The actuary for the XXX pension plans has completed the actuarial valuation for the XXX
Retirement Accumulation Plan as of January 1, 2017. For purposes of determining the
application of benefit restrictions under the 2006 Pension Protection Act, the funded
ratio of the plan as of January 1, 2017 is over 100%. This means there are no benefit
restrictions, including restrictions on the availability of lump sums, through September
1,2018. This is an annual process, and next year’s actuarial valuation will determine
whether benefit restrictions will apply after September 1, 2018.
• Actuarial Value of Assets (as of January 1, 2017): $7,318 million
• Funding Target (as of January 1, 2017): $5.806 million
• Funding Ratio (as of January 1, 2017): 126.05%


I have worked my entire career for various evil big-oil megacorps.

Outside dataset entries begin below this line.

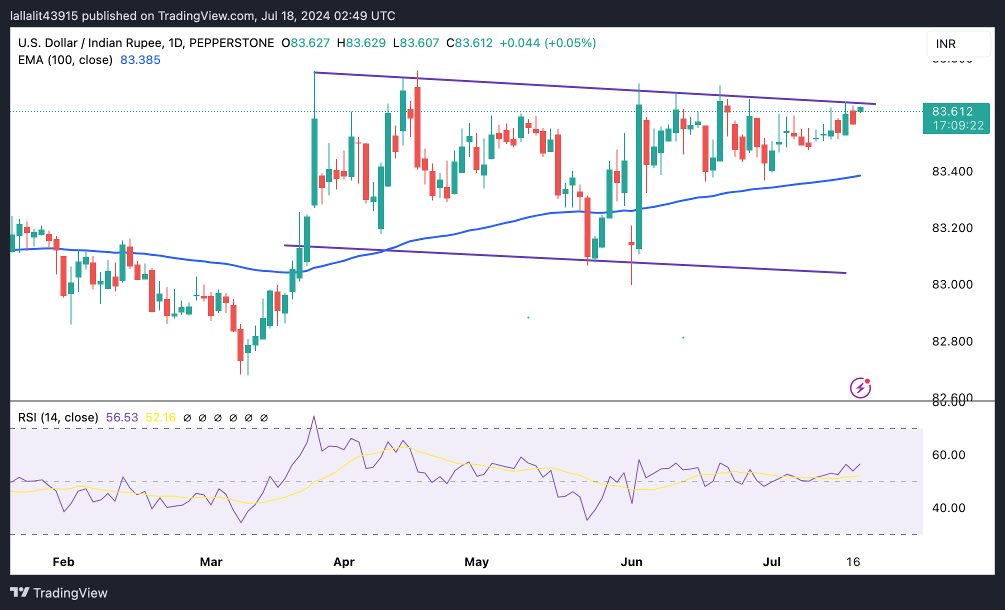 技术分析:尽管有美联储降息的希望,但美元/印度卢比仍保持上涨势头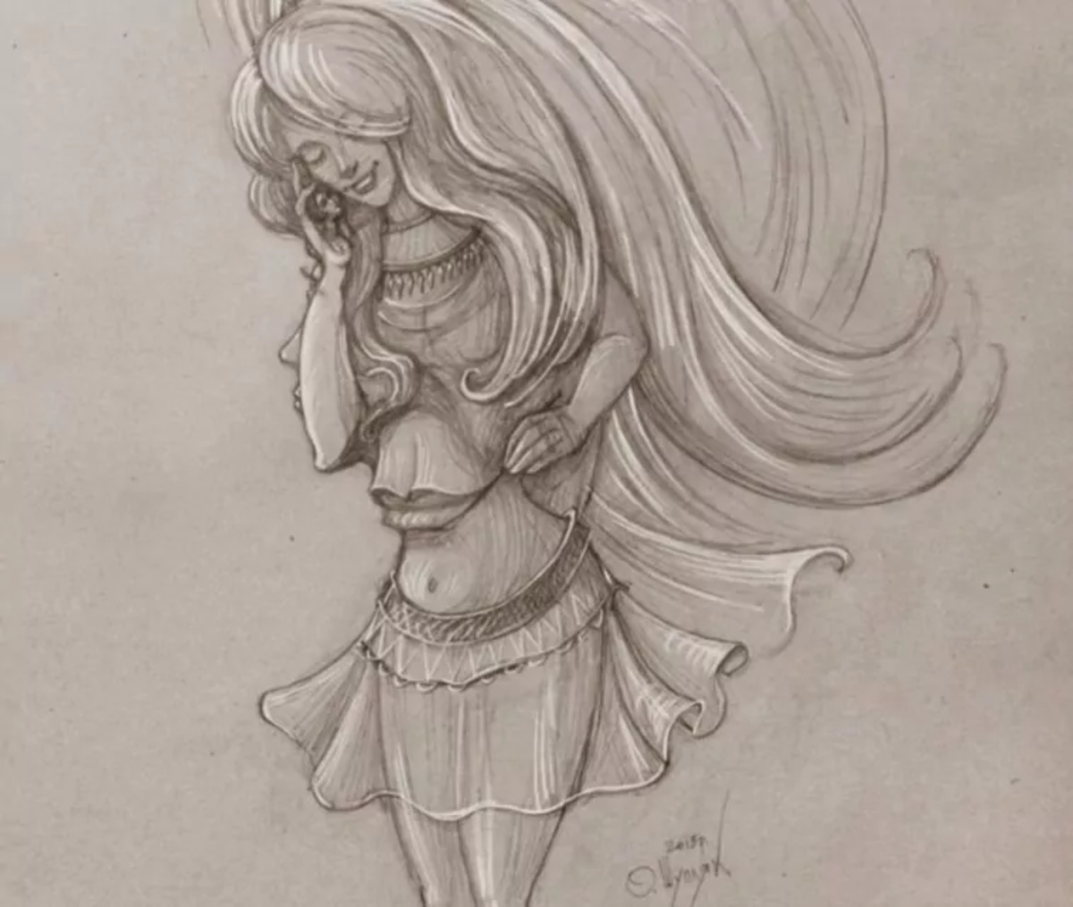 The third woman? She’s even more elusive. Examine the shape of the woman’s arm and you’ll notice features emerge—a side profile formed by the folds, curves, and shadows of the sketch. It’s only visible if you mentally shift your perspective.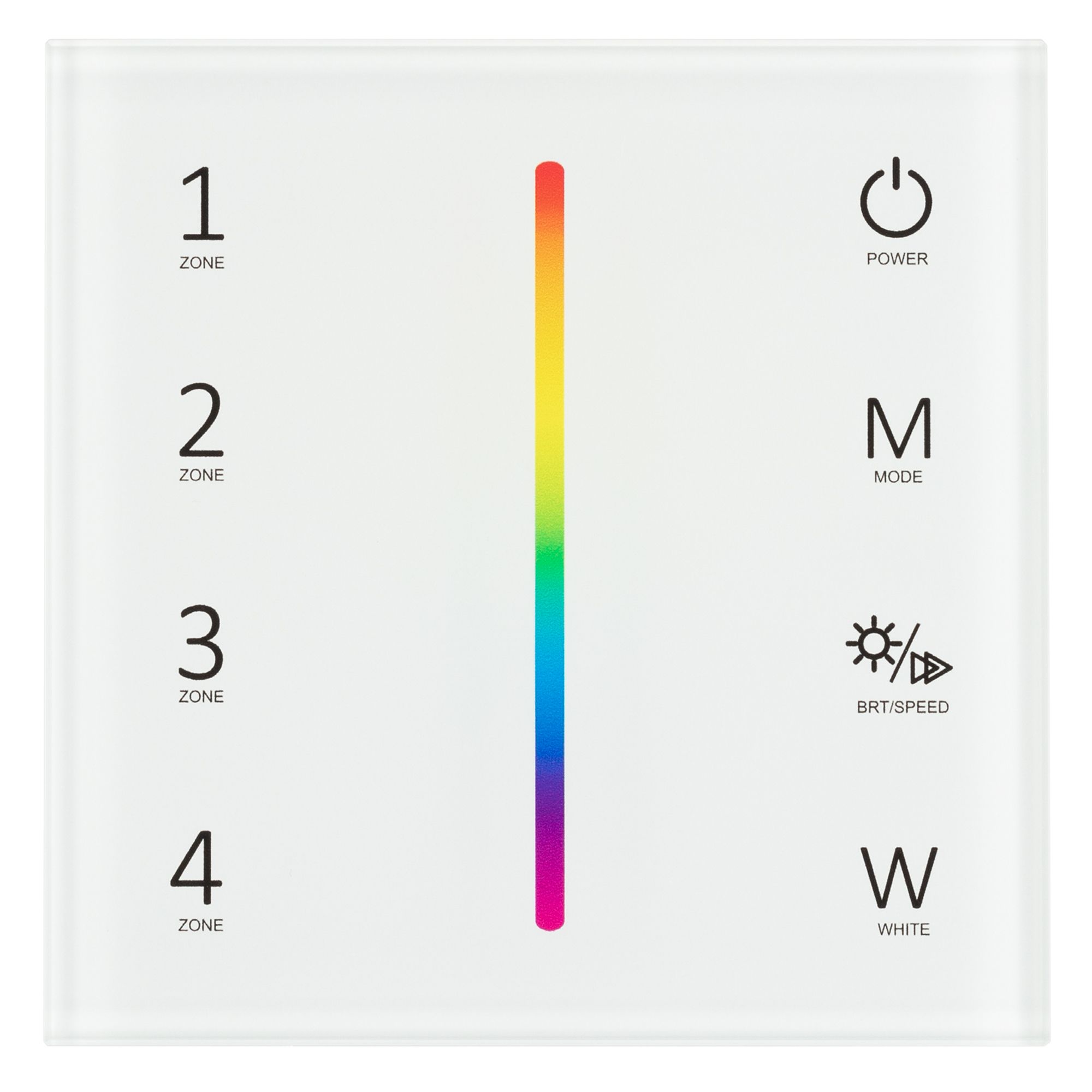 Встраиваемая сенсорная стеклянная панель 2.4 ГГц, цвет белый. Для управления RGBW источниками света с помощью сенсорной полосы. Питание/рабочее напряжение AC 85-265V, 4 зоны управления. Функция управления DMX512 устройствами. Габариты 86х86х36 мм. Панель совместима с контроллерами и пультами серии SMART.

I was
bounced around a lot by plant closures, asset sales and getting personally p-o'ed.
I have vested in 4 different mega-corp pensions. I have lumped summed out
of 3 of them from previous employers. A couple of years ago there were rule
changes that incentivized pension buy-outs. I took 3 I was offered.

My current employer's pension is still active and is structured the best of any
I have been vested in. It is a cash balance plan rather than a defined benefit
plan. Plan rules say I can take a lump sum pay-out anytime after severance
up to age 70.5, as long as the funding ratio is greater than 80%. I'll retire in
2020, but intend to leave the pension balance in. It grows at the greater of
5% or the 30 year treasury rate. Should the annual audit fail the 80%
funded test, the lump sum option remains open for 8 months. If I select to
annuitize it, it will happen at whatever the prevailing rates are at the time of
the request. The balance is part of my estate until withdrawn or annuitized.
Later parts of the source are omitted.